Меллар стала разминать здоровую ногу, а я старался вспомнить, не встречались ли нам какие-нибудь указатели. Спустя некоторое время она спросила:
– Как думаете, зачем здесь все эти лаборатории? Почему их вынесли под землю?
– Не знаю. Может, чтобы что-то скрыть?
– Но от кого? От других ученых?
Я засунул руки в карманы куртки и повернулся к Меллар. Ее, как мне сейчас показалось, бесхитростное лицо выражало настоящее недоумение. Неужели она действительно не понимает? Или всего лишь строит из себя святую простоту?
– От них и от закона, – ответил я. – Только подумайте, как это удобно: нет нужды заказывать все эти материалы, вещества и оборудование, привлекая внимание. Достаточно немного увеличить закупки для самого Корпуса, а затем привезти сюда излишки и заниматься своими исследованиями, которые, я уверен, даже не подотчетны. Или подотчетны не университету и рикистариату, а кому-то другому.
– Кому, например?
– Вы правда не знаете ответа? Деньги на все это, – я провел рукой по воздуху, – есть только у Совета.
– Вы только что сказали, что эти лаборатории оснащаются из бюджета Корпуса. Теперь у вас крайний – Совет?
Я не удержался и закатил глаза.
– Мы сейчас говорим о том, кто все это организовал. Построил целый этаж, выделил ученых, создал всю эту схему. Следит за тем, чтобы об этих лабораториях никто не узнал.
– Если я вас правильно поняла, – произнесла Меллар, растягивая каждое слово, будто примериваясь к ним, – кто-то из Совета, не поставив в известность своих коллег и рикистариат, организовал эти лаборатории, чтобы… что? Для каких разработок они нужны?
По шее прошел холодок.

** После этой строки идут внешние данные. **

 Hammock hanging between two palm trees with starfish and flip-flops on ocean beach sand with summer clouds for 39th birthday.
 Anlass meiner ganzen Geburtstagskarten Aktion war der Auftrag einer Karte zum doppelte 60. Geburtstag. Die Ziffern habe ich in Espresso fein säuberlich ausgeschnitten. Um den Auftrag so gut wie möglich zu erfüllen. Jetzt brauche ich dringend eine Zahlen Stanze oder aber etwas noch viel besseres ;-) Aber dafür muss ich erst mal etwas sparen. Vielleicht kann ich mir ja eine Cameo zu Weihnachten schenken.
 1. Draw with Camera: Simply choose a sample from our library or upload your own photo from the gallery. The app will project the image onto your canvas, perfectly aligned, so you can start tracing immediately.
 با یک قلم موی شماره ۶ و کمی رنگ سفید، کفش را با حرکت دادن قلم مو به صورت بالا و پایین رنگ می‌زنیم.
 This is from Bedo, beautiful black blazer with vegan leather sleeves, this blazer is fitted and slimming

Мне на ум пришли вполне конкретные разработки, которые могли бы вестись в таком месте. «Один маленький эксперимент». Эксперименты над людьми.
– Понятия не имею, – сказал я, решив не развивать эту тему.

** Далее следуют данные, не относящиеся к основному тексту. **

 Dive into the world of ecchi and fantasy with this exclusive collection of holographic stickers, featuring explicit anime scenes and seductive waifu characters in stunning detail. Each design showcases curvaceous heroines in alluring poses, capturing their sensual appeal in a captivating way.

– Ясно. Вы не знаете, зачем это нужно, но уверены, что за всем стоит Совет. – Тон Меллар резко стал жестким, будто я обвинил в чем-то лично ее. – Это в вашем характере – вешать вину не незнакомых людей?

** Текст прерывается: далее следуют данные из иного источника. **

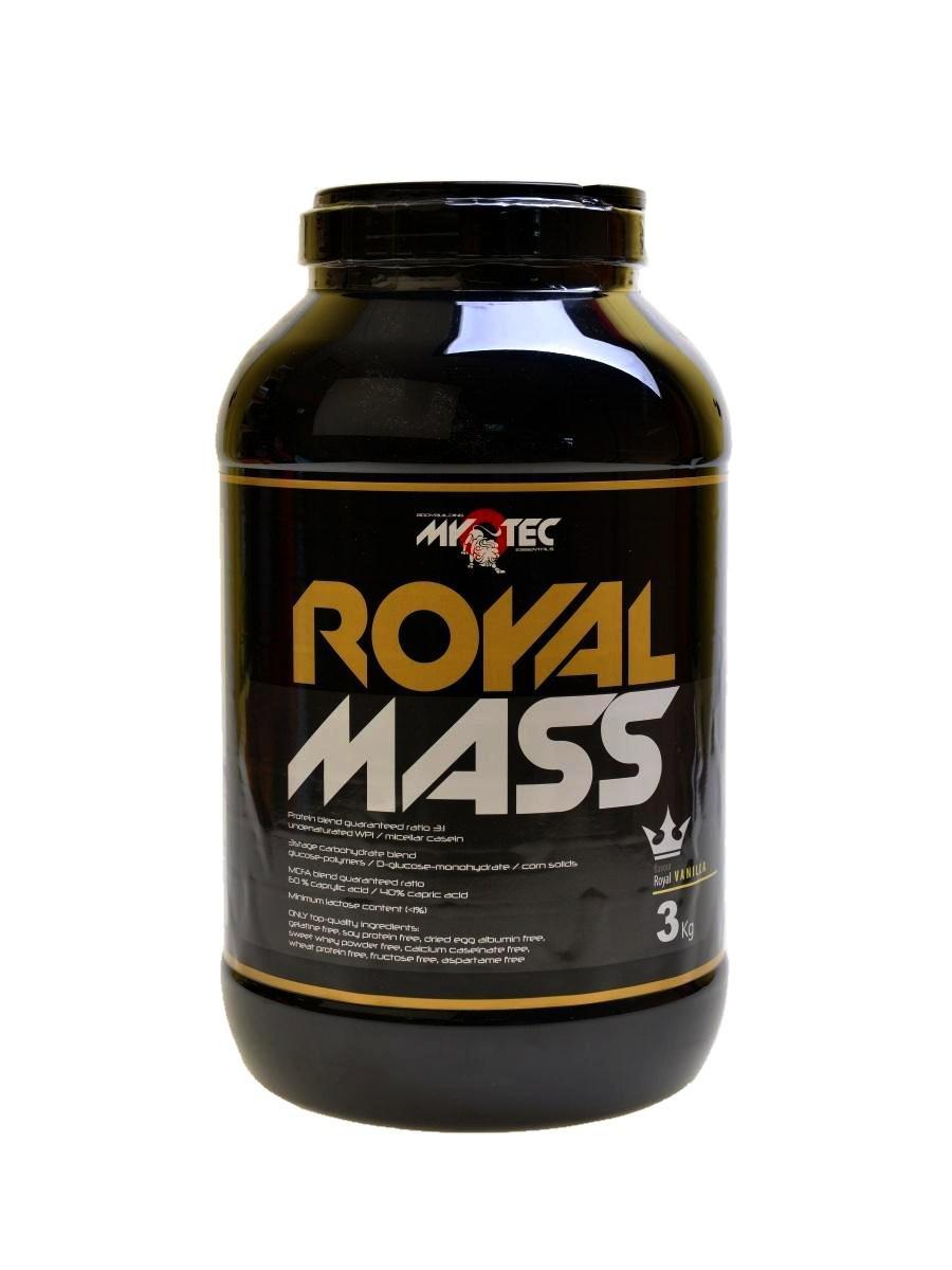 Nabízí nadstandardní parametry funkčnosti, kvality a čistoty, které u běžných marketingových produktů obvykle nenaleznete. Na vývoji této jedinečné formule se podíleli špičkoví němečtí odborníci a specialisté, a to s jednoznačným zaměřením na dva hlavní cíle: maximální možná funkčnost (optimální a bezproblémové vstřebávání živin a využitelnost produktu) maximální možná čistota použitých surovin, minimum balastních látek a nutričně neplnohodnotných složek z hlediska čistoty (sušená syrovátka, sušené mléko, odtučněné mléko, laktóza, sušený vaječný bílek, soja, kolagen (želatina) atd.) Výsledkem této sofistikované symbiózy je Royal Mass, funkční gainer křišťálové čistoty, který svým dynamickým účinkem nabízí parametry, na které jsme po právu hrdi. Royal Mass bez nadsázky překonává všechny dosavadní limity a vytváří novou kategorii vysokoenergetických formulí.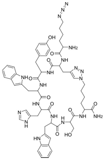 The E2-binding cyclic peptide (cy(YWHWS)) was synthesized and screened following previously established protocols [32]. Briefly, the linear peptide Lys(N3)-YWHWS-Pra was first synthesized on Rink amide resin using conventional Fmoc-based solid phase synthesis in a Biotage Initiator+ Alstra microwave synthesizer. The peptide was cyclized using copper(I) iodide (1.5 equiv.) and ascorbic acid (5 equiv.) in 4:1 NMP:piperidine overnight at room temperature. The residual copper was removed by shaking the resin with 5% (w/v) sodium diethyldithiocarbamate trihydrate and 5% (v/v) N,N-diisopropylamine in 1-methyl-2-pyrrolidinone for 8 min (2x). Lys(N3) was then coupled to the N-terminus and Fmoc was removed. The peptide was cleaved from the resin for 2 h with 87.5% trifluoroacetic acid (TFA), 5% water, 5% phenol, and 2.5% triisopropylsilane (TIPS), and then purified by reverse phase HPLC using a C18 column. The mass (cy(YWHWS) + H+) was confirmed by MALDI-TOF (calculated: 1181.3 m/z; actual: 1181.14 m/z; Figure S1 in Supplementary Materials).

– Я не вешаю вину. Я анализирую ситуацию и делаю выводы. А какие ваши версии?
– Это не может быть Совет. Во-первых, они открыто спонсируют исследования Корпуса, зачем им тайные лаборатории? Во-вторых, во-вторых… Не знаю! Просто в этом нет смысла!
– Вы игнорируете факты.
– А вы предвзяты! – огрызнулась Меллар.
– Да подумайте же сами! Это все стоит больших денег, которые есть только у Совета!
– Хорошо. Допустим. Но я снова спрашиваю вас: в чем смысл? Зачем им это?
– Да затем, что они могут творить здесь все что угодно! – Мои нервы тоже начали сдавать. – Чьи это органы там в банках? Зачем здесь целый выводок ядовитых пауков? Что спрятано в холодильных камерах под кодовыми замками? Хотя кому я это объясняю, вы же одна из них.
Меллар жестко усмехнулась.
– Да, я одна из них. И я горжусь этим! – воскликнула она, тыча пальцем себе в грудь. – Именно Совет построил Корпус. Именно Совет взял на себя ответственность вести эту страну вперед. Именно Совет вложил деньги в исследования, чтобы обеспечить нашу экономику инновациями. А ваша бывшая жена все разрушила! Уничтожила труды многих людей и сбежала. Совет дал ей все, а она плюнула ему в лицо и поставила под угрозу существование нашего государства!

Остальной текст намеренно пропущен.